What the retirement score indicates
- Dark Green: Very good or better (95 or higher). Even in a down market, these households are on track to cover 95% or more of discretionary expenses, such as travel, and essential expenses, including health care, housing, and food.
- Green: Good (80-95). On track to cover at least estimated essential expenses, but not discretionary expenses like travel. (The survey assumes 80% of estimated retirement expenses are essential.)
- Yellow: Fair (65-80). Not on track to sufficiently cover all essential retirement expenses in a down market. Modest adjustments to planned lifestyle are likely.
- Red: Poor (less than 65). Not on track to sufficiently cover all essential retirement expenses in a down market.
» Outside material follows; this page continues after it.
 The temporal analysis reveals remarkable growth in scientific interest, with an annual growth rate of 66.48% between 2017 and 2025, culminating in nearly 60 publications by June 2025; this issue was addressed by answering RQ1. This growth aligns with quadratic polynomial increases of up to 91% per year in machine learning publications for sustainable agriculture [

Significant adjustments to planned lifestyle are likely.
Assumptions and impact of hypothetical changes
Investment mix: The study looks at the reported asset mix from the survey results and estimates the potential effect of adjusting the asset allocation for investors who are more conservatively or aggressively invested than our age‐based investing guidelines would suggest. The results are then adjusted to account for the long-term investment performance potential of an age-appropriate asset allocation.
Enroll in an automatic increase program: The base results reflect the reported level of annual savings contribution in the survey results—the national median savings rate was 7%. The automatic increase program assumes a 1 percentage point annual increase up to a combined employer/employee cap of 15%. The results are then adjusted to reflect the potential impact of the increased savings and investment potential.
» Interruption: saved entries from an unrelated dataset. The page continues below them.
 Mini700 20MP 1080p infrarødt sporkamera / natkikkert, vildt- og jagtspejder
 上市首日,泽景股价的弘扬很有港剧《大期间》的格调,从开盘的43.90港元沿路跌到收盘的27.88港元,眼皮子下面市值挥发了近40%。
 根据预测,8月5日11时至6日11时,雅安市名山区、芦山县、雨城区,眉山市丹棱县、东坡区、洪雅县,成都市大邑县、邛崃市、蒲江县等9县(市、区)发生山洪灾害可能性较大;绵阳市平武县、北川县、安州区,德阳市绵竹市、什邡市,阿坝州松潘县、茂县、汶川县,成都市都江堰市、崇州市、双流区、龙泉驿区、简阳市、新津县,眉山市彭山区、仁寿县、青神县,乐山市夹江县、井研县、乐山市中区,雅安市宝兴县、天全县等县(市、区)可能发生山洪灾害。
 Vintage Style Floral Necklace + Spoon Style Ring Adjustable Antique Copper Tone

Retirement age/delay retirement: The base score reflects the reported planned retirement age—the median reported planned retirement age was 65. The option to delay retirement adds two years to the projected working life reported by each individual and the score is adjusted based on the assumption that current earnings trajectory, savings, and investment behavior is extended for those two additional years.
Work part time in retirement: The base score assumes that all work and income from work ceases in the year of retirement. The work part-time in retirement option adds a percentage of the reported earned income and a duration of part-time work based on each individually stated retirement age from the survey. The maximum duration is five years of part-time work and the minimum duration is one year.
*Annuitize: The annuitize option assumes 40% of the individual’s investable assets are invested in a single-life fixed income annuity with an annual 2% cost-of-living adjustment and a 10-year guarantee period. Age at annuitization is assumed to be 67 for generations X and Y and 66 for boomers. Results are based on best available male rates as of August 2013 from lifetime fixed income annuities available through Fidelity Insurance Agency, Inc., and issued by third-party insurance companies. A guarantee period provides annuity income through a specified date even if no annuitant lives to the end of the guarantee period. Guarantees are subject to the claims-paying ability of the issuing insurance company.
Downsize: The base score assumes that the retiree maintains his or her current housing situation. The downsize option assumes the sale of the home and repurchase of a home that frees up 25% of the projected equity for each individual survey participant at the time of sale based on reported value in the survey. The equity is then reinvested as part of the retirement portfolio.
All of the above: Combines the effects of each accelerator described above.
Diversification/asset allocation does not ensure a profit or guarantee against loss.
Investing involves risk including the risk of loss.